The Israeli victory of 1967 has aggrandised the super ego of “the chosen people of God” and within ten years, Kibbutzim was privatised — a move that was followed by the migration of one-and-a-half million Russians who hated the very notion of socialism. With the ascent of Likud as the ruling party, religious schools of the extreme right took over the education of Israeli youths, instilling in their minds the hatred and vile of the Talmud towards non-Jews, spawning the Israeli version of Daesh (the self-proclaimed Islamic State of Iraq and the Levant). Yehuda Weinstein, the Attorney General of Israel, has promised the public recently “to drain out the stagnant swamp breeding the mosquito of corruption”. The place where he should start with are the religious schools that are now corrupting the souls of Israeli youths.

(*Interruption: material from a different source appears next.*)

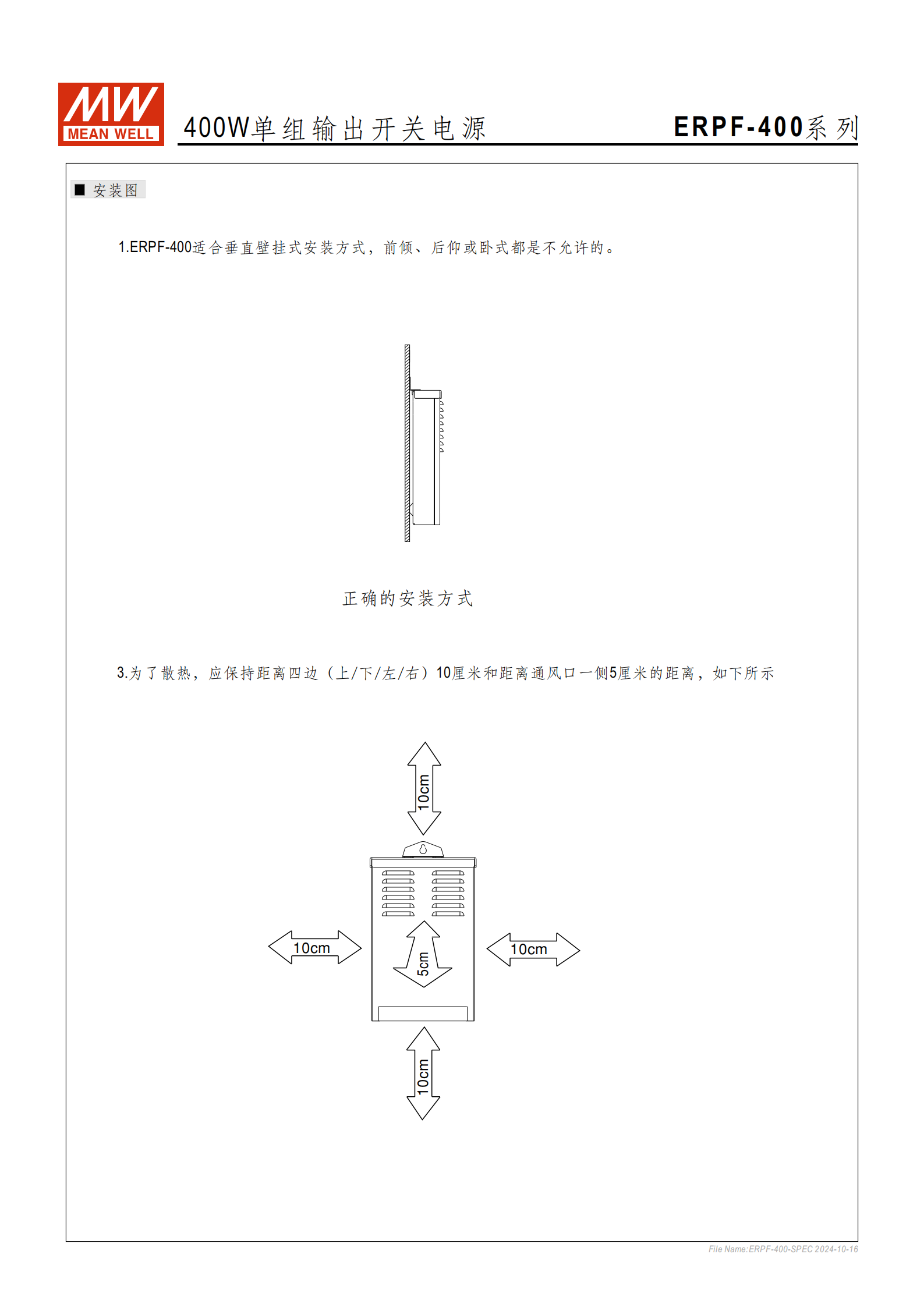| ERPF-400-24 | 24V | 16.7A | 400.8W | 150mVp-p | 90% |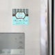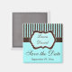 Ce bleu aqua, brun et blanc rayé enregistrer la date de l'aimant correspond au faire-part de mariage ci-dessous. Le texte est entièrement personnalisable.

The corruption of the human spirit will spell disaster, which always ends with the very demise of the state. It is normal to prosecute high officials for lining their pockets with bribes, but the very survival of any state depends on the morality of its population. Israel is now producing a new generation that is racist and colonial, hell bent on making Israel “a pure Jewish state” — even by firebombing Palestinian homes in the middle of the night, killing babies in their cribs.

Professor As’ad Abdul Rahman is the chairman of the Palestinian Encyclopaedia.